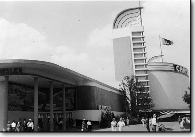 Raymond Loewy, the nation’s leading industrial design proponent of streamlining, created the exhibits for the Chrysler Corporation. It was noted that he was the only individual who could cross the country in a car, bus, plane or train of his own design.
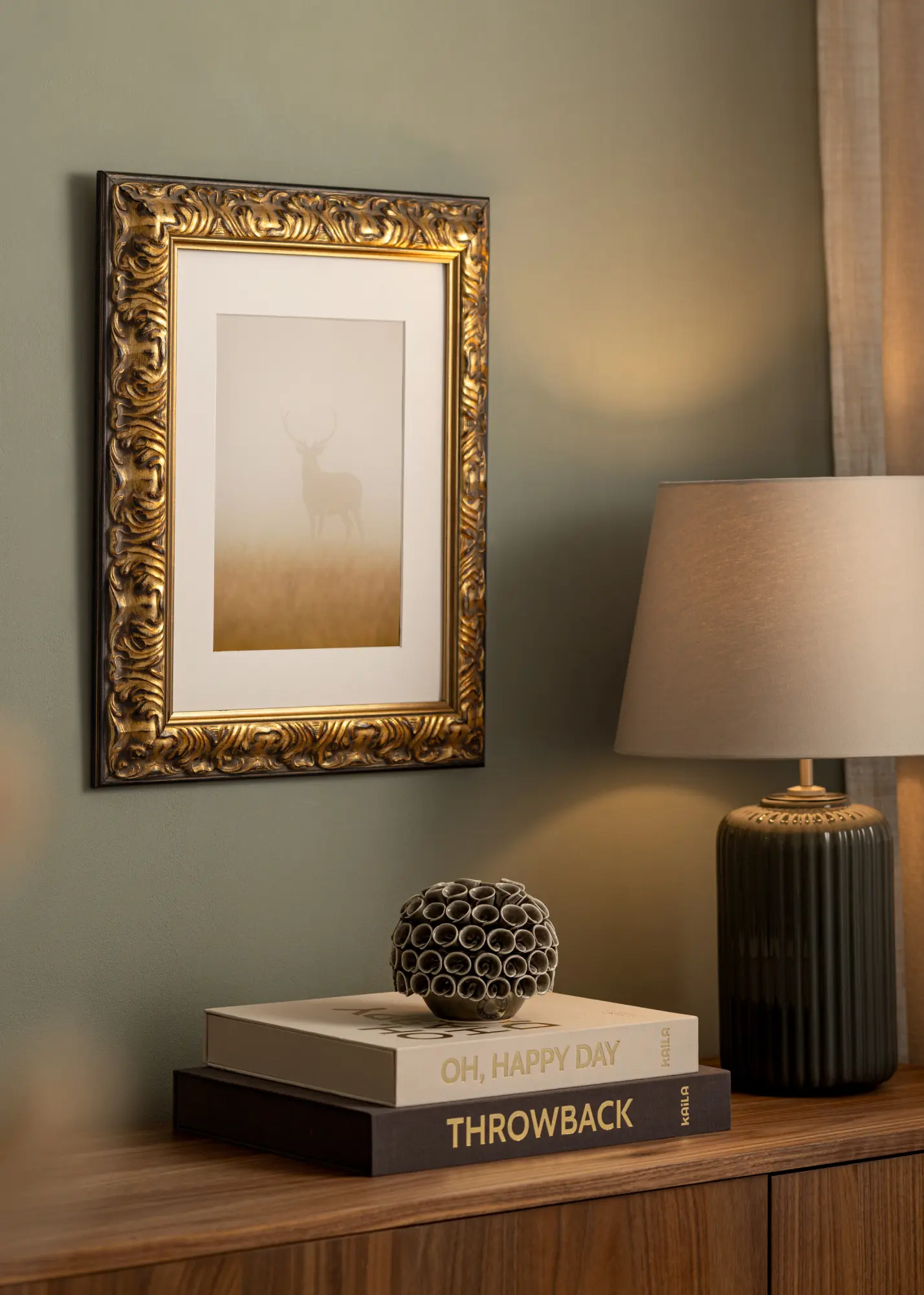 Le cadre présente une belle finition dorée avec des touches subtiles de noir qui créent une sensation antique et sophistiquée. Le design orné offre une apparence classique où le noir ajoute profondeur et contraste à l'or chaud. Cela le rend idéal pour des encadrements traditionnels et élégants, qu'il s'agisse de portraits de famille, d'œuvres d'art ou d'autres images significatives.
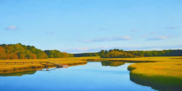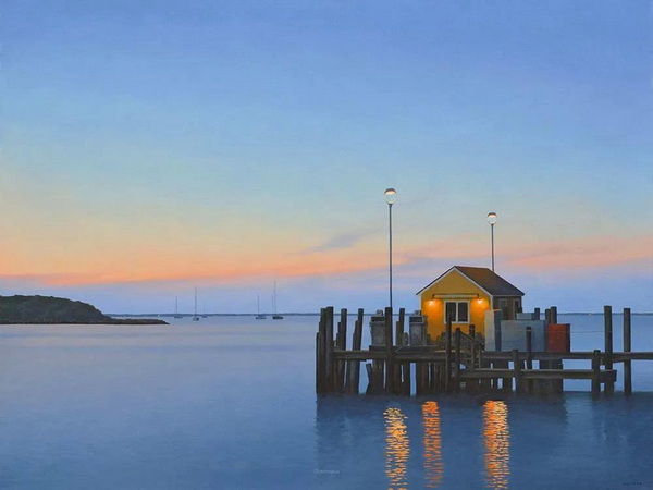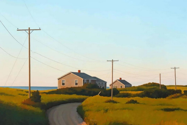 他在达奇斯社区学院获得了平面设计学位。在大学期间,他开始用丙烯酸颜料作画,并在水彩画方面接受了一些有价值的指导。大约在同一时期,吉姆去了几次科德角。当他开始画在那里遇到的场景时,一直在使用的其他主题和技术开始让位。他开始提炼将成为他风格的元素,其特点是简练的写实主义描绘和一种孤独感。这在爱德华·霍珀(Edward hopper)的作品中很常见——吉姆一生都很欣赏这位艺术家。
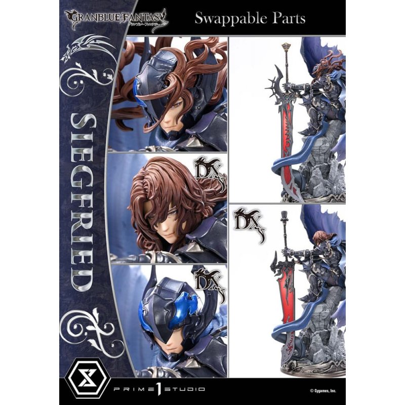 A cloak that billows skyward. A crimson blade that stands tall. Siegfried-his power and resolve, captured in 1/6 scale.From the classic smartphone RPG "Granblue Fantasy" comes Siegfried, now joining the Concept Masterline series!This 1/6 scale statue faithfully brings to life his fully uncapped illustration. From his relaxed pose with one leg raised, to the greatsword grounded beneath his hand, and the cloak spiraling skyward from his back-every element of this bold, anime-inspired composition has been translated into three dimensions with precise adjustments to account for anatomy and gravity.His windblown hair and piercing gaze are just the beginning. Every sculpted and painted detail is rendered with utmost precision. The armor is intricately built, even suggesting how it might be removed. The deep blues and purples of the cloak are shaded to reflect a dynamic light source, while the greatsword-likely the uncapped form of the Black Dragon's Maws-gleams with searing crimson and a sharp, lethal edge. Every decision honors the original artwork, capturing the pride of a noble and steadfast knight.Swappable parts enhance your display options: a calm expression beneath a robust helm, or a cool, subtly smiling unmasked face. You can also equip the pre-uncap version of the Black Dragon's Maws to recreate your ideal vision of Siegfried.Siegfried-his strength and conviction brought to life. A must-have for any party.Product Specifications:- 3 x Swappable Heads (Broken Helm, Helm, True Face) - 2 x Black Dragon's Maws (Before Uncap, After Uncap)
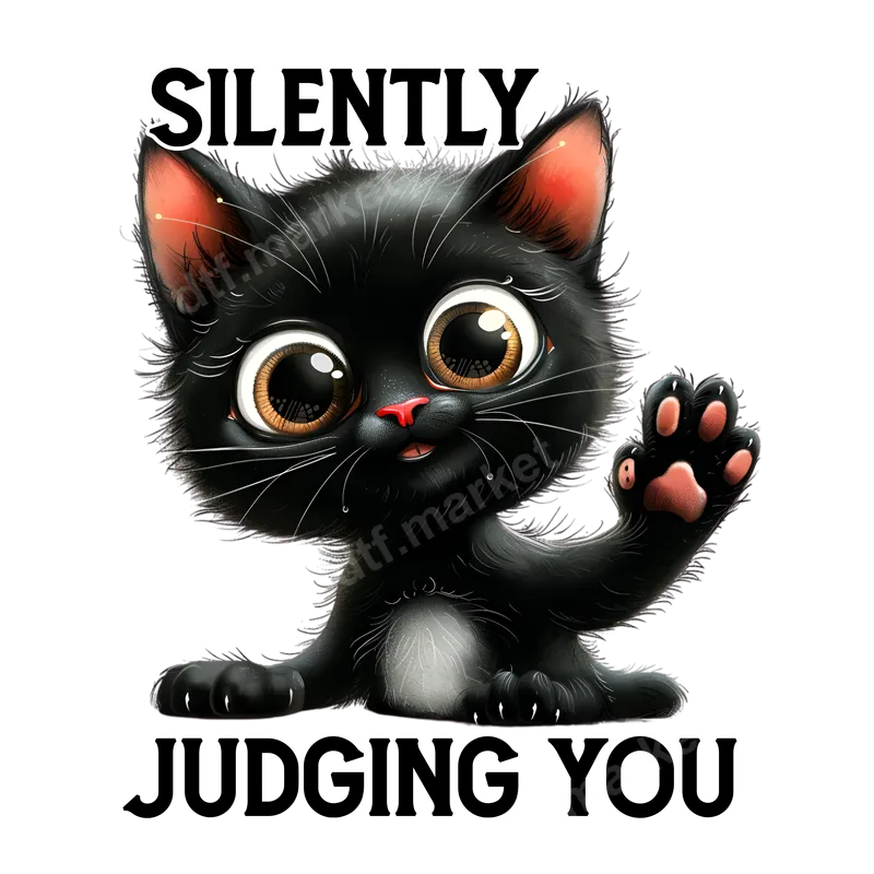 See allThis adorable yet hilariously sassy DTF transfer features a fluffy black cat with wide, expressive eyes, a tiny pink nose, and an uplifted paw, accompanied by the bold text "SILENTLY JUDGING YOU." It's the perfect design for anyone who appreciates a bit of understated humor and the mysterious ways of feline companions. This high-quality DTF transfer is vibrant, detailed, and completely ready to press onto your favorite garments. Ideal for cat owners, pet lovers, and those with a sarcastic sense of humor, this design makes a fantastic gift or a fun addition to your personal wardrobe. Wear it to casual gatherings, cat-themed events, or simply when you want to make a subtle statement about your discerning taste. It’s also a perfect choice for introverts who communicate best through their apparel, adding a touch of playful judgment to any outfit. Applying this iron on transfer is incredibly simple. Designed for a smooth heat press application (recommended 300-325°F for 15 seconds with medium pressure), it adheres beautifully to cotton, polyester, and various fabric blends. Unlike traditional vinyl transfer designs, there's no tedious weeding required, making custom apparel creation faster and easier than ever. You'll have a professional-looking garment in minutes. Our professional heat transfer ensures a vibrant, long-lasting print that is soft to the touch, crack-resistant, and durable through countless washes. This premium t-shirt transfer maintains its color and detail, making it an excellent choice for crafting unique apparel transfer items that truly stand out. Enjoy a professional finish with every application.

### Task item
Quote all the records verbatim, dropping any pictures from your copy.

### Problem solution
 Raymond Loewy, the nation’s leading industrial design proponent of streamlining, created the exhibits for the Chrysler Corporation. It was noted that he was the only individual who could cross the country in a car, bus, plane or train of his own design.
 Le cadre présente une belle finition dorée avec des touches subtiles de noir qui créent une sensation antique et sophistiquée. Le design orné offre une apparence classique où le noir ajoute profondeur et contraste à l'or chaud. Cela le rend idéal pour des encadrements traditionnels et élégants, qu'il s'agisse de portraits de famille, d'œuvres d'art ou d'autres images significatives.
 他在达奇斯社区学院获得了平面设计学位。在大学期间,他开始用丙烯酸颜料作画,并在水彩画方面接受了一些有价值的指导。大约在同一时期,吉姆去了几次科德角。当他开始画在那里遇到的场景时,一直在使用的其他主题和技术开始让位。他开始提炼将成为他风格的元素,其特点是简练的写实主义描绘和一种孤独感。这在爱德华·霍珀(Edward hopper)的作品中很常见——吉姆一生都很欣赏这位艺术家。
 A cloak that billows skyward. A crimson blade that stands tall. Siegfried-his power and resolve, captured in 1/6 scale.From the classic smartphone RPG "Granblue Fantasy" comes Siegfried, now joining the Concept Masterline series!This 1/6 scale statue faithfully brings to life his fully uncapped illustration. From his relaxed pose with one leg raised, to the greatsword grounded beneath his hand, and the cloak spiraling skyward from his back-every element of this bold, anime-inspired composition has been translated into three dimensions with precise adjustments to account for anatomy and gravity.His windblown hair and piercing gaze are just the beginning. Every sculpted and painted detail is rendered with utmost precision. The armor is intricately built, even suggesting how it might be removed. The deep blues and purples of the cloak are shaded to reflect a dynamic light source, while the greatsword-likely the uncapped form of the Black Dragon's Maws-gleams with searing crimson and a sharp, lethal edge. Every decision honors the original artwork, capturing the pride of a noble and steadfast knight.Swappable parts enhance your display options: a calm expression beneath a robust helm, or a cool, subtly smiling unmasked face. You can also equip the pre-uncap version of the Black Dragon's Maws to recreate your ideal vision of Siegfried.Siegfried-his strength and conviction brought to life. A must-have for any party.Product Specifications:- 3 x Swappable Heads (Broken Helm, Helm, True Face) - 2 x Black Dragon's Maws (Before Uncap, After Uncap)
 See allThis adorable yet hilariously sassy DTF transfer features a fluffy black cat with wide, expressive eyes, a tiny pink nose, and an uplifted paw, accompanied by the bold text "SILENTLY JUDGING YOU." It's the perfect design for anyone who appreciates a bit of understated humor and the mysterious ways of feline companions. This high-quality DTF transfer is vibrant, detailed, and completely ready to press onto your favorite garments. Ideal for cat owners, pet lovers, and those with a sarcastic sense of humor, this design makes a fantastic gift or a fun addition to your personal wardrobe. Wear it to casual gatherings, cat-themed events, or simply when you want to make a subtle statement about your discerning taste. It’s also a perfect choice for introverts who communicate best through their apparel, adding a touch of playful judgment to any outfit. Applying this iron on transfer is incredibly simple. Designed for a smooth heat press application (recommended 300-325°F for 15 seconds with medium pressure), it adheres beautifully to cotton, polyester, and various fabric blends. Unlike traditional vinyl transfer designs, there's no tedious weeding required, making custom apparel creation faster and easier than ever. You'll have a professional-looking garment in minutes. Our professional heat transfer ensures a vibrant, long-lasting print that is soft to the touch, crack-resistant, and durable through countless washes. This premium t-shirt transfer maintains its color and detail, making it an excellent choice for crafting unique apparel transfer items that truly stand out. Enjoy a professional finish with every application.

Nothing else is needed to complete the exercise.